A series of calls is a common device. In fact, a duck begins quacking softly before her chicks have emerged from their eggs. Konrad Lorenz, a world-famous animal behaviorist, took advantage of this fact by making quacking noises to emerging duckling and goslings. After the young hatched, they immediately accepted Lorenz as their mother and, as he crawled around on all fours, they unhesitatingly followed him about. Endangered whooping cranes, still in their eggs, were placed by scientists in sandhill crane nests as part of an effort to restore the species. The adoption program is working, but there's one flaw: when a sandhill crane gives a warning call, its young normally head into tall grass. Whooping cranes do exactly the opposite, making for deeper water. Needless to say, this tends to confuse the whoopers' foster parents.

Similar bonds exist among domestic livestock. An ewe that has had a chance to sniff her own newborn won't accept a strange lamb unless it has first been rubbed in her afterbirth. Cows are the same way. In one test, a cow readily accepted the straw-filled skin of her dead calf. Much later, the cow discovered the fraud and promptly ate the stuffing without a qualm.

Feeding Hungry Mouths

Mothers feed their young in many ways, but the process generally is built around a conditioned response, as when a mother robin brings food to her nest; she reacts to the bright yellow interiors of her chicks' open mouths. If, for some reason, the nestlings do not open wide and flash their "hunger color," the parent may gulp the food herself and fly off for another load.

Mammals, of course, nurse their young. Some species have developed special feeding habits which enable them to produce enough milk to go around. Others ease the burden of nursing by supplementing their offsprings' milk diets with solid foods.
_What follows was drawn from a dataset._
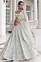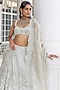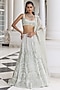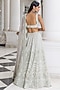 Featuring an ice blue lehenga in satin organza base with embellishments. It is paired with an embellished blouse and an embellished dupatta. Accentuate the designer lehenga with zircon or pearl jewellery and embellished heels for weddings, sangeet or reception ceremony.

Insects may have the most unusual feeding methods. Among colonial species of bees and ants, the queen leaves the job to workers. The burying beetle feeds her young in an underground nest of carrion. Like chicks, the larvae raise their heads to they can be fed.

A few animal mothers are downright sneaky and let a parent of another species do their feeding for them. Cowbirds are famous for doing this, and are considered "parasitic." They leave their eggs in another bird's nest, and the unsuspecting surrogate mother tends the hatchlings as though they were her own.